The Mouths Of Babes Friday, Aug 5 2011 


Mom

What

Guess what!

What

I’ll tell you what! Some people are allergic to things. Did you know that?

Yes

How’d you know that?

I just did

You know what else?

What

I think I’m allergic to lots of things.

No you’re not.

I think I’m allergic to vegetables and pasta and rice and meat and fish and shrimp.

No you’re not.

How do you know that??

Because you’ve eaten those things before.

No I haven’t! I don’t like them.

Well, you did before you can remember and before you decided not to like them. And just because you don’t like something doesn’t mean you’re allergic.

I never ate shrimp!!

Yes you did. I gave you popcorn shrimp from the deli at WalMart to keep you quiet every time I grocery shopped. You just don’t like shrimp OR being quiet anymore.

You GAVE me SHRIMP?!?!!!! I could’ve DIED!!!

But you didn’t.

But I could’ve!

But you DIDN’T!!!

You didn’t know that when you gave it to me though!!!

Well…. But…

I can’t even believe you DID that.

Well, I gave you peanuts too and you liked them and you’re not allergic to them either.
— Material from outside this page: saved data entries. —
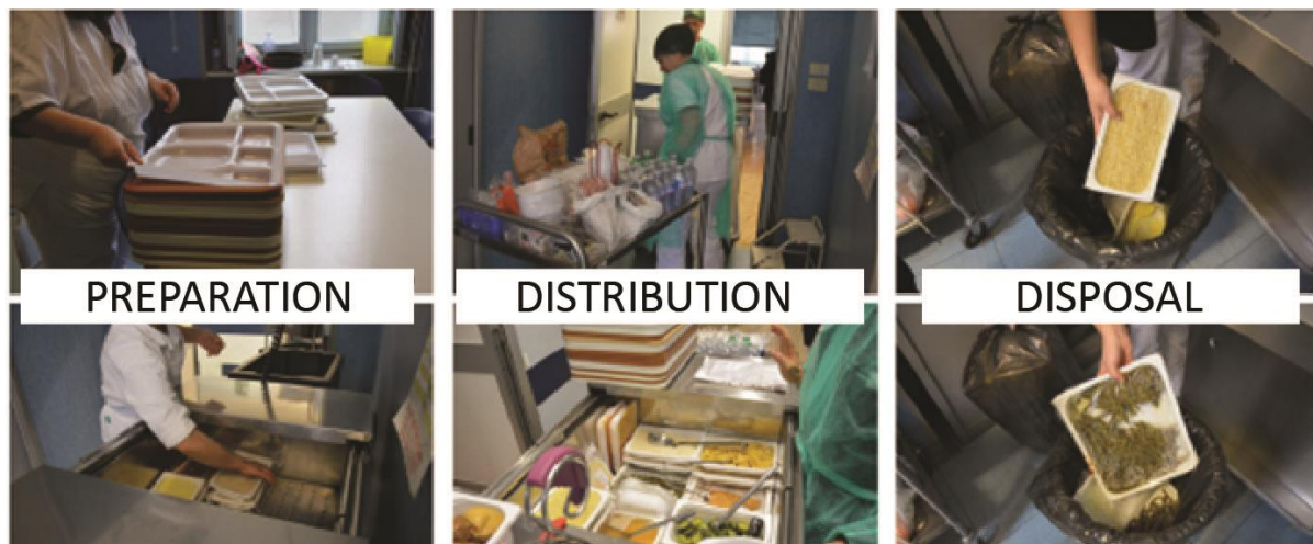
Figure 5. Extracts from the research phase: steps of food preparation and disposal.

The project addresses one of the most problematic issues in hospitals from the point of view of waste of resources by making the output of a process input for many others, acting locally to create a network of relations on the territory that enables the soundness of the system. The type of sustainability promoted is economic (reduction of the cost of waste disposal), environmental (reduction of environmental impacts related to the disposal) and social (enhancement of a resource donated to those in need).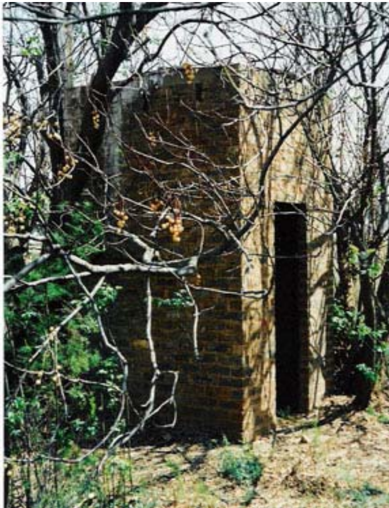
Outbuilding (cobra heaven)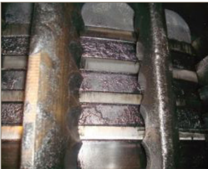
Deposit build up on piston due to over lubrication (too high feedrate)

One way of mitigating the effects of cold corrosion is to increase the scrape down oil feed rate. Not only does this increase the use and therefore cost of the oil used, over lubricating can have a detrimental effect due to fouling of the rings and calcium deposit build up. Knowing the exact operating conditions and wear mechanisms within the cylinders allows fine adjustment of the feed rates to minimise wear and reduce costs. Engine Original Equipment Manufacturer's (OEM's) have recently issued service letters giving guidance as to acceptable levels of corrosive wear.

HA!

But I’m allergic to peanut butter though.

No you’re NOT!! Just because you somehow love PEANUTS but hate peanut butter & jelly sandwiches does NOT mean you are ALLERGIC to that. You just don’t LIKE it. TOTALLY different.

No it’s not.

Yes it is. I’m not arguing with you.

Mom

What

Guess what

What

I”ll tell you what. I need to find out what I’m allergic to.

Fine. When we go to WalMart, I’ll get some foods that lots of people are allergic to and you can taste each one so we can see what happens. Maybe you’ll find something new to start eating that you like.

Are you KIDDING me?!?! I saw that show where the guy’s tongue got real big because he ate cinnamon.

Then we can put cinnamon on our list.

MOM!!!! NO!!! I mean if I eat something then my tongue could get fat and you’d have to take me to the hospital.

Then how do you want to find all this out?

You said Aunt E had an allergy test. I could do that.

FINE!!! We’ll go there and they can stick a bunch of needles in you to see how you react if that’s what you want.

HUH?!?! Why do they use NEEDLES??

So they can get under the skin and see how your skin reacts. YOU are getting a little under MY skin now.

Huh? I don’t have any NEEDLES!! Who invented needles anyway?

Probably Mr. Needle and named it after himself because he was VEIN. I’m so funny!

Why?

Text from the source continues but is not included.